Low-dose computed tomography (LDCT) reduces patient radiation exposure but introduces substantial noise that degrades image quality and hinders diagnostic accuracy. Existing denoising approaches often require many diffusion steps, limiting real-time applicability. We propose a Regularization-Enhanced Efficient Diffusion Probabilistic Model (RE-EDPM), a rapid and high-fidelity LDCT denoising framework that integrates a residual shifting mechanism to align low-dose and full-dose distributions and performs only four reverse diffusion steps using a Swin-based U-Net backbone. A composite loss combining pixel reconstruction, perceptual similarity (LPIPS), and total variation (TV) regularization effectively suppresses spatially varying noise while preserving anatomical structures. RE-EDPM was evaluated on a public LDCT benchmark across dose levels and anatomical sites.
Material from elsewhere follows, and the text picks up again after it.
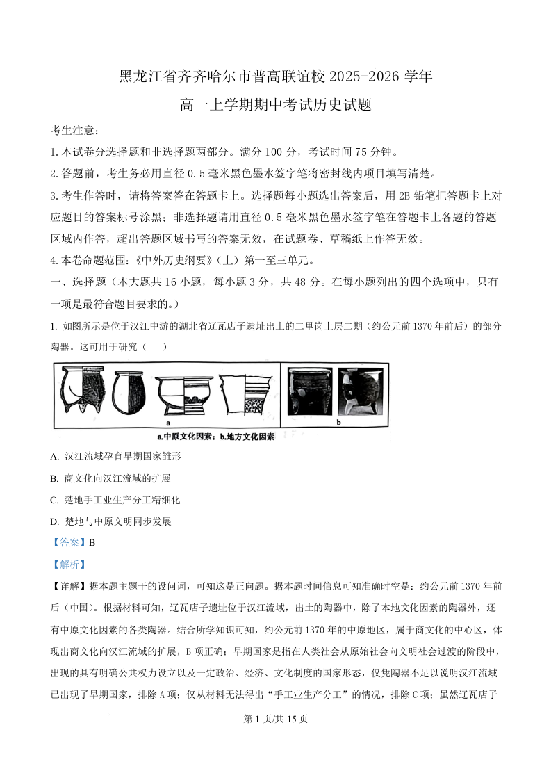 黑龙江省齐齐哈尔市普高联谊校2025-2026学年高一上学期期中考试 历史答案.docx

On 10 percent dose chest and 25 percent dose abdominal scans, it achieved SSIM = 0.879 (0.068), PSNR = 31.60 (2.52) dB, VIFp = 0.366 (0.121) for chest, and SSIM = 0.971 (0.000), PSNR = 36.69 (2.54) dB, VIFp = 0.510 (0.007) for abdomen. Visual and statistical analyses, including ablation and Wilcoxon signed-rank tests (p < 0.05), confirm significant contributions from residual shifting and regularization terms. RE-EDPM processes two 512x512 slices in about 0.25 s on modern GPUs, supporting near real-time clinical use. The proposed framework achieves an optimal balance between noise suppression and anatomical fidelity, offering an efficient solution for LDCT restoration and broader medical image enhancement tasks.